CIFAR10 folder currently contains the test and training pipeline using the NASNet search space.
The code for EfficientNet search space on ImageNet will be released later.
CIFAR-10: 99.03% top-1 using NASNet search space, SoTA result without using ImageNet or transfer learning.
Model | LaNet | EfficientNet-B7 | GPIPE | PyramidNet | XNAS |
---|---|---|---|---|---|
top-1 | 99.03 | 98.9 | 99.0 | 98.64 | 98.4 |
use ImageNet | X | ✓ | ✓ | X | X |
ImageNet: 77.7% top-1@240 MFLOPS, 80.8% top-1@600 MFLOPS using EfficientNet search space, SoTA results on the efficentNet space.

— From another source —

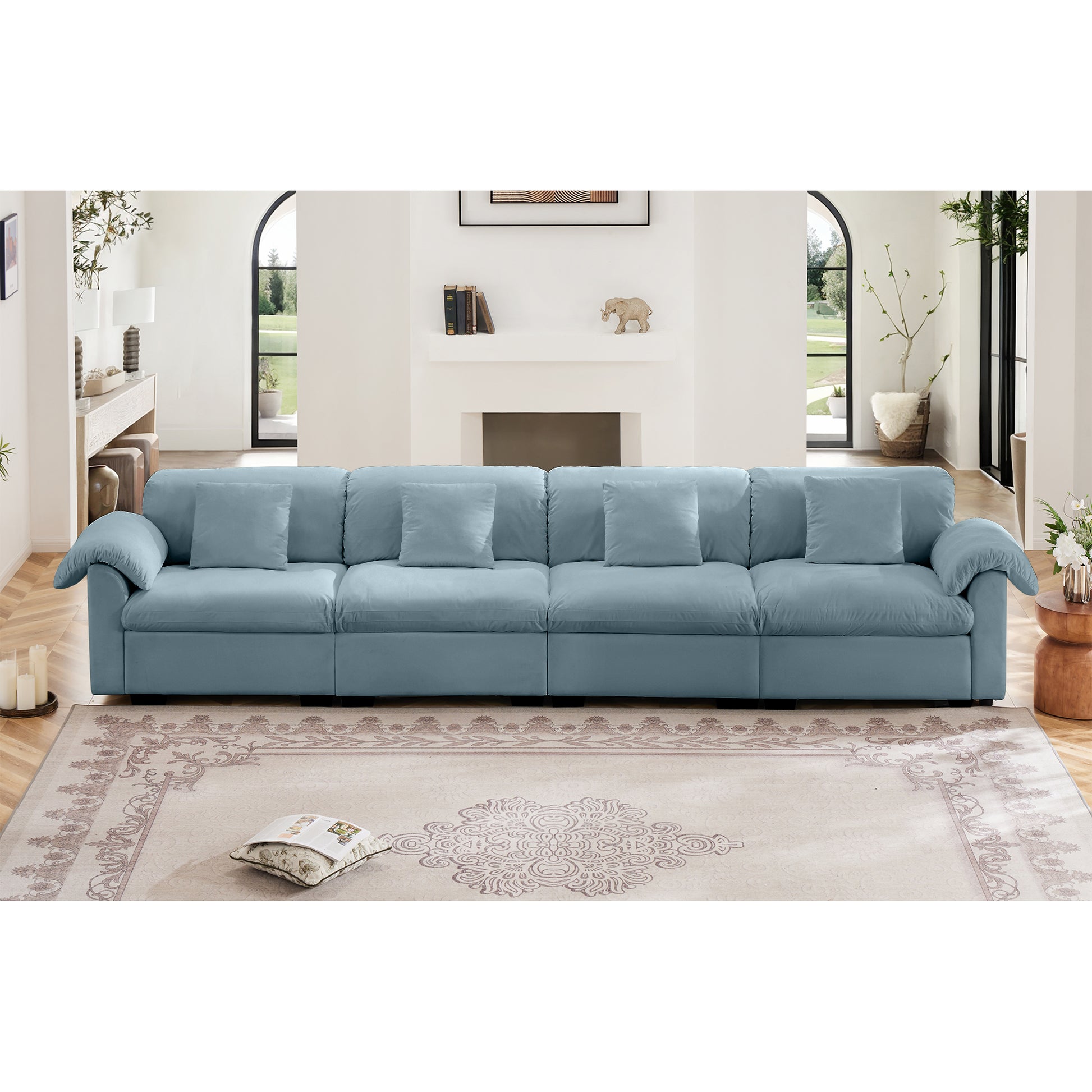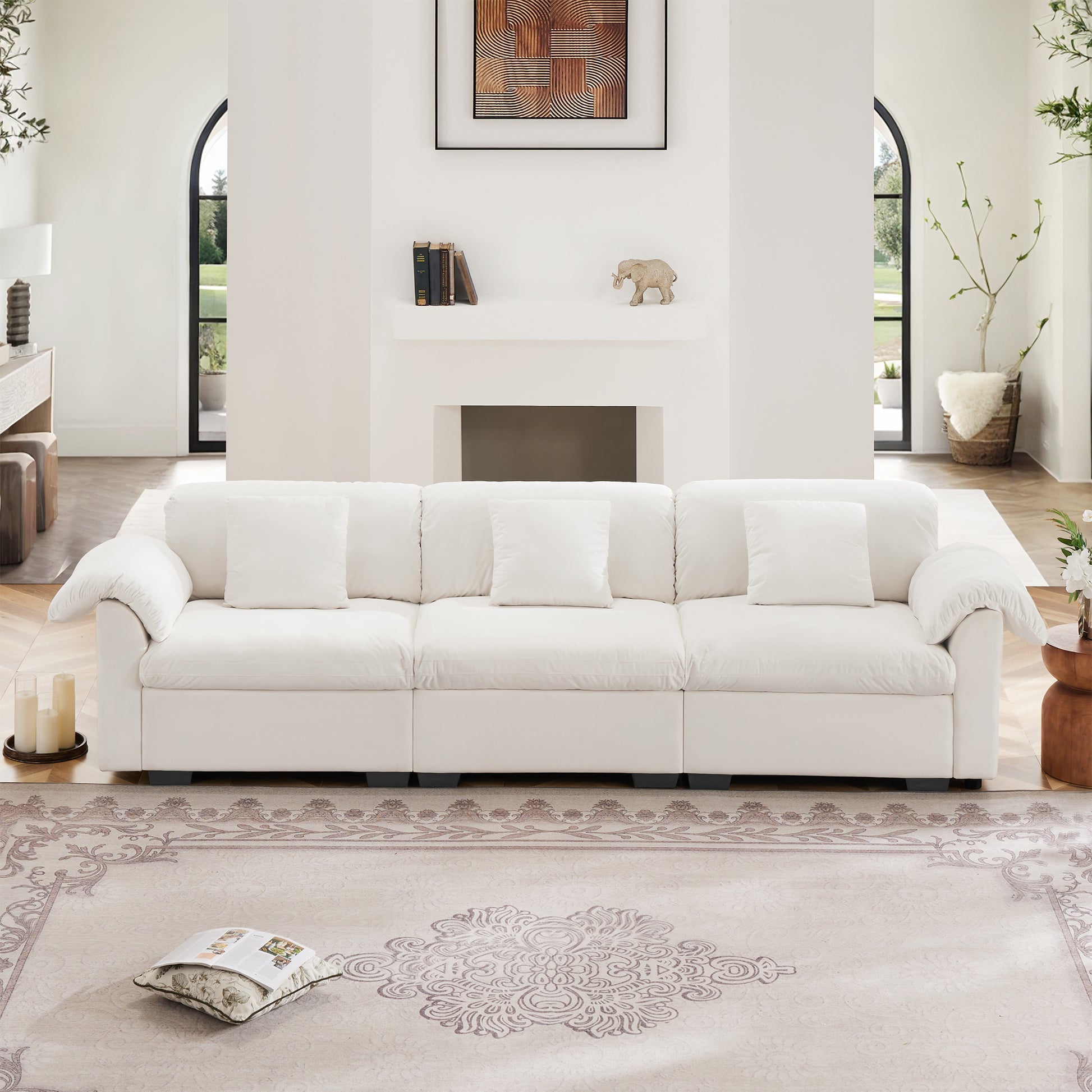 Our sofa is a visual masterpiece, featuring exquisitely beautiful velvet fabric that serves as the cornerstone of its allure. The distinct armrest and backrest design add a contemporary edge, imbuing your home with a refined, cozy, and stylish ambiance. From every vantage point, the special arm and back pillows evoke the imagery of clouds gently drifting across the sky, enhancing the sofa's charm. The rich, vibrant colors of the velvet fabric create a visually arresting effect, making it a focal point in any room.

Model | LaNet | OFA | FBNetV2-F4 | MobileNet-V3 | FBNet-B |
---|---|---|---|---|---|
top-1 | 77.7 | 76.9 | 76.0 | 75.2 | 74.1 |
MFLOPS | 240 | 230 | 238 | 219 | 295 |
Model | LaNet | OFA | FBNetV3 | EfficientNet-B1 |
---|---|---|---|---|
top-1 | 80.8 | 80.0 | 79.6 | 79.1 |
MFLOPS | 600 | 595 | 544 | 700 |
Applying LaNet to detection: Compared to NAS-FCOS in CVPR-2020,
Backbone | Decoder | FLOPS(G) | AP |
---|---|---|---|
LaNet | FPN-FCOS | 35.22 | 36.5 |
MobileNetV2 | FPN-FCOS | 105.4 | 31.2 |
MobileNetV2 | NAS-FCOS | 39.3 | 32.0 |
We will release the ImageNet model, search framework, training pipeline, and their applications on detection, segmentation soon; stay tuned.
Here are the following training heuristics we have used in our project:
- Data Augmentation
We use CutOut, CutMix and RandAugmentation. Pytorch-Image-Models has a very nice implementation, but keep an eye of SoTA data augmentation techniques.
- Distillation
a) The main source of the performance improvement in recent NAS EfficientNet paper. It seems training a student network together with a teacher from scratch can further improve the current SoTA, better than transferring weights from a fancy supernet.
b) Use a better teacher helps.
c) A better teacher may require larger images than student, use interpolation to resize the batch to feed into student and teacher.
- Training Hyper-parameters
drop out and drop path, tune your training hyper-parameters. The learning rate cannot be too large nor too small, check your loss progress.
- EMA
Using Exponential Moving Average (EMA) in the models, e.g. CNN, Detection, Transformers, unsupervised models, or whatever NLP or CV models, helps the performance, especially when your training finishes with fewer number of epochs.
- Testing different Crops
Try changing different crop percentages in testing, it usually improves 0.1%.
- Longer epochs
Make sure your model is sufficiently trained.